Wait a sec... surely you don't claim that Sender ID can authenticate
anything with MUAs today.  I agree that in single-hop scenarios, mail
won't be rejected by Sender ID.  However, nothing stops forgery of the
From: header by viruses or spammers.  If I add a "Resent-Sender:
virus(_at_)com" header, today's MTAs are still going to display the
unauthentic "From: whatever(_at_)mybank(_dot_)com" header.
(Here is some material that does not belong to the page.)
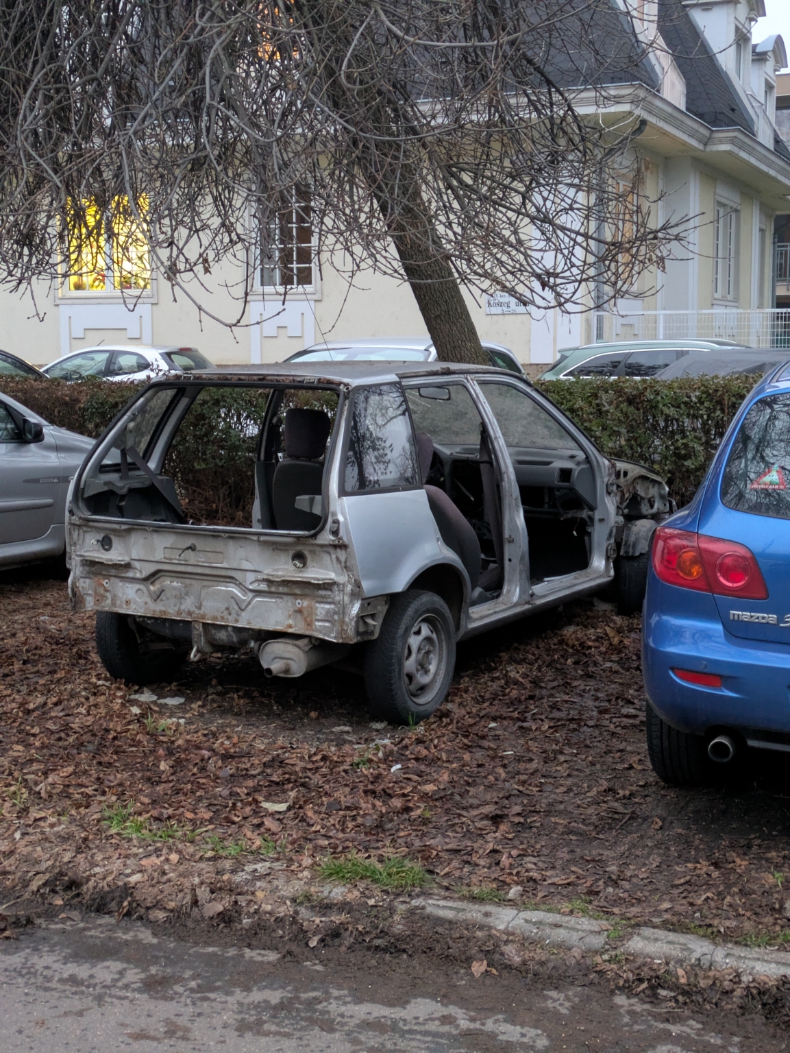 Roncsautó foglalja a helyet a Kőszeg utca 26 előtt.

Anyway, are MUAs really within scope here, in a working group about
MTA authentication?

My challenge remains... describe a concrete scenario that requires
Sender ID, and that could not achieve the same effective result with
SPF-classic.  Vague references to banks don't convince me any more,
because I've thought through concrete scenarios, and in every case, if
you specify what needs to be sent to whom, and what the attacker is
trying to do, you'll see that SPF-classic is basically as powerful as
Sender ID.  Once you throw end users into the fray, you'll find that
in either case you need to make small modifications to the MUA, but
neither modification is particularly hard to do.